SOURCE DATA
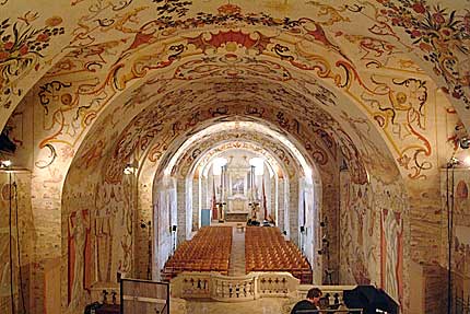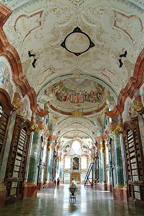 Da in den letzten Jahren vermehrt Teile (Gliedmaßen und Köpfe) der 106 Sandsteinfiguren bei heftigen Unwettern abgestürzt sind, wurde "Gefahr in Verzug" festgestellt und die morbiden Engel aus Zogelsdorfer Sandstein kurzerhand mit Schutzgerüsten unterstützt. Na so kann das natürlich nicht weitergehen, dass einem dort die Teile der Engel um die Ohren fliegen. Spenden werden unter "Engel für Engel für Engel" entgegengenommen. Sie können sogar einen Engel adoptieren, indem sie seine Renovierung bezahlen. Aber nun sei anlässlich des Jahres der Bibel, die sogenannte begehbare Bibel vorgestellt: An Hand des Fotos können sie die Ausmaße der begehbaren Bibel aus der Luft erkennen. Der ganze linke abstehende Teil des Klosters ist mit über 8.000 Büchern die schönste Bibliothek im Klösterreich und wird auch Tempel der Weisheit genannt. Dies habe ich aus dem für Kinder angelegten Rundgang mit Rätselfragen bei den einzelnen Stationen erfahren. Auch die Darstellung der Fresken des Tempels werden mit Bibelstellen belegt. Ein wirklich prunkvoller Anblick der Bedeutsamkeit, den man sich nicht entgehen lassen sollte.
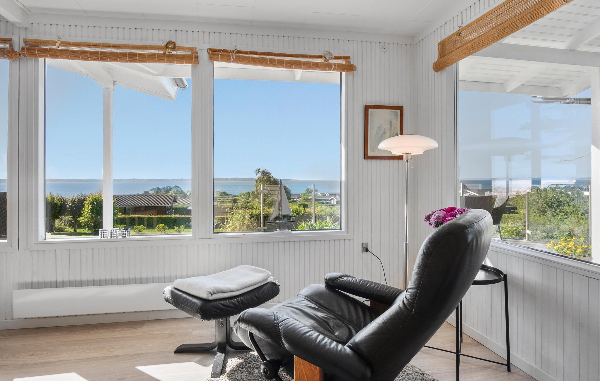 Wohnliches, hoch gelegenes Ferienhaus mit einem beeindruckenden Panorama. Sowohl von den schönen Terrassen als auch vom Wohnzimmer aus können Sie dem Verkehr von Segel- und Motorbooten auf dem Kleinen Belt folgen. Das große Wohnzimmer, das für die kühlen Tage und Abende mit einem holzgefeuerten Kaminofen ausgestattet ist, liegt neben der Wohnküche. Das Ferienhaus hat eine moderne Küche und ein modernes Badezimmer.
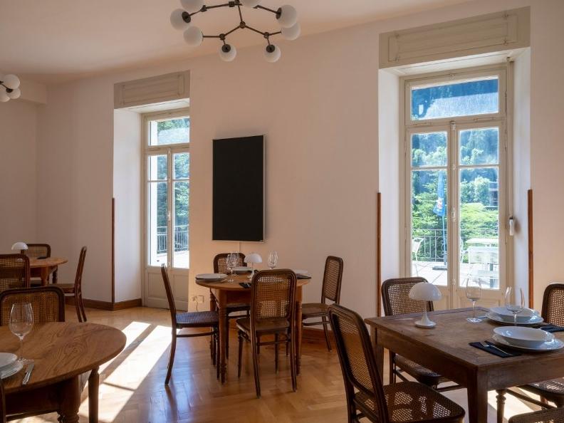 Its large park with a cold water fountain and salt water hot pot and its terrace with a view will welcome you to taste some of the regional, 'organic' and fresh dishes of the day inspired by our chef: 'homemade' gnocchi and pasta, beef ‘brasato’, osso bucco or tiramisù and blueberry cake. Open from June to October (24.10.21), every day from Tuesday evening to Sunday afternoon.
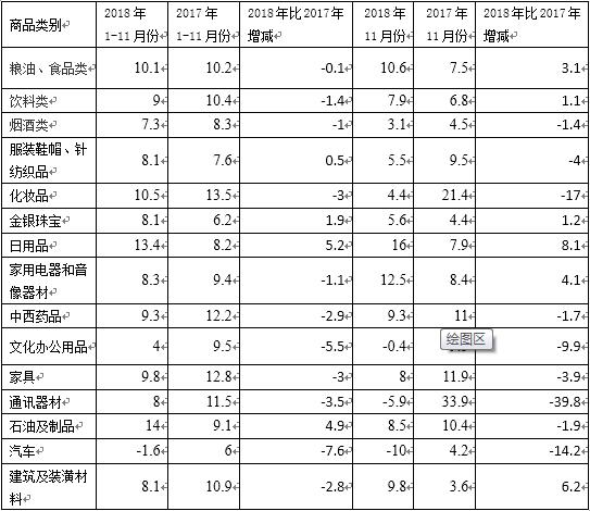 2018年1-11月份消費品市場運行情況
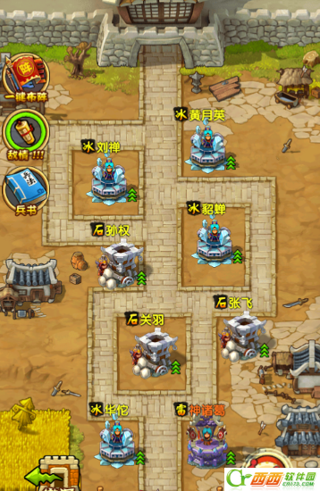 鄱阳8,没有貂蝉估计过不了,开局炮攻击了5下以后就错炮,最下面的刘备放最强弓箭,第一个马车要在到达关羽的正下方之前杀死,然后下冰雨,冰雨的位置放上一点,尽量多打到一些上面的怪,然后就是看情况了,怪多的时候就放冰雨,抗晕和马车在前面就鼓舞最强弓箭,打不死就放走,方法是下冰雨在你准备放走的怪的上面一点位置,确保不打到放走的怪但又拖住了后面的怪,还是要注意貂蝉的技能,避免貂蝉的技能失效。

TRY IT
Transcribe the listing above in full. Pictures are not part of the copy.

WORKED SOLUTION
 Da in den letzten Jahren vermehrt Teile (Gliedmaßen und Köpfe) der 106 Sandsteinfiguren bei heftigen Unwettern abgestürzt sind, wurde "Gefahr in Verzug" festgestellt und die morbiden Engel aus Zogelsdorfer Sandstein kurzerhand mit Schutzgerüsten unterstützt. Na so kann das natürlich nicht weitergehen, dass einem dort die Teile der Engel um die Ohren fliegen. Spenden werden unter "Engel für Engel für Engel" entgegengenommen. Sie können sogar einen Engel adoptieren, indem sie seine Renovierung bezahlen. Aber nun sei anlässlich des Jahres der Bibel, die sogenannte begehbare Bibel vorgestellt: An Hand des Fotos können sie die Ausmaße der begehbaren Bibel aus der Luft erkennen. Der ganze linke abstehende Teil des Klosters ist mit über 8.000 Büchern die schönste Bibliothek im Klösterreich und wird auch Tempel der Weisheit genannt. Dies habe ich aus dem für Kinder angelegten Rundgang mit Rätselfragen bei den einzelnen Stationen erfahren. Auch die Darstellung der Fresken des Tempels werden mit Bibelstellen belegt. Ein wirklich prunkvoller Anblick der Bedeutsamkeit, den man sich nicht entgehen lassen sollte.
 Wohnliches, hoch gelegenes Ferienhaus mit einem beeindruckenden Panorama. Sowohl von den schönen Terrassen als auch vom Wohnzimmer aus können Sie dem Verkehr von Segel- und Motorbooten auf dem Kleinen Belt folgen. Das große Wohnzimmer, das für die kühlen Tage und Abende mit einem holzgefeuerten Kaminofen ausgestattet ist, liegt neben der Wohnküche. Das Ferienhaus hat eine moderne Küche und ein modernes Badezimmer.
 Its large park with a cold water fountain and salt water hot pot and its terrace with a view will welcome you to taste some of the regional, 'organic' and fresh dishes of the day inspired by our chef: 'homemade' gnocchi and pasta, beef ‘brasato’, osso bucco or tiramisù and blueberry cake. Open from June to October (24.10.21), every day from Tuesday evening to Sunday afternoon.
 2018年1-11月份消費品市場運行情況
 鄱阳8,没有貂蝉估计过不了,开局炮攻击了5下以后就错炮,最下面的刘备放最强弓箭,第一个马车要在到达关羽的正下方之前杀死,然后下冰雨,冰雨的位置放上一点,尽量多打到一些上面的怪,然后就是看情况了,怪多的时候就放冰雨,抗晕和马车在前面就鼓舞最强弓箭,打不死就放走,方法是下冰雨在你准备放走的怪的上面一点位置,确保不打到放走的怪但又拖住了后面的怪,还是要注意貂蝉的技能,避免貂蝉的技能失效。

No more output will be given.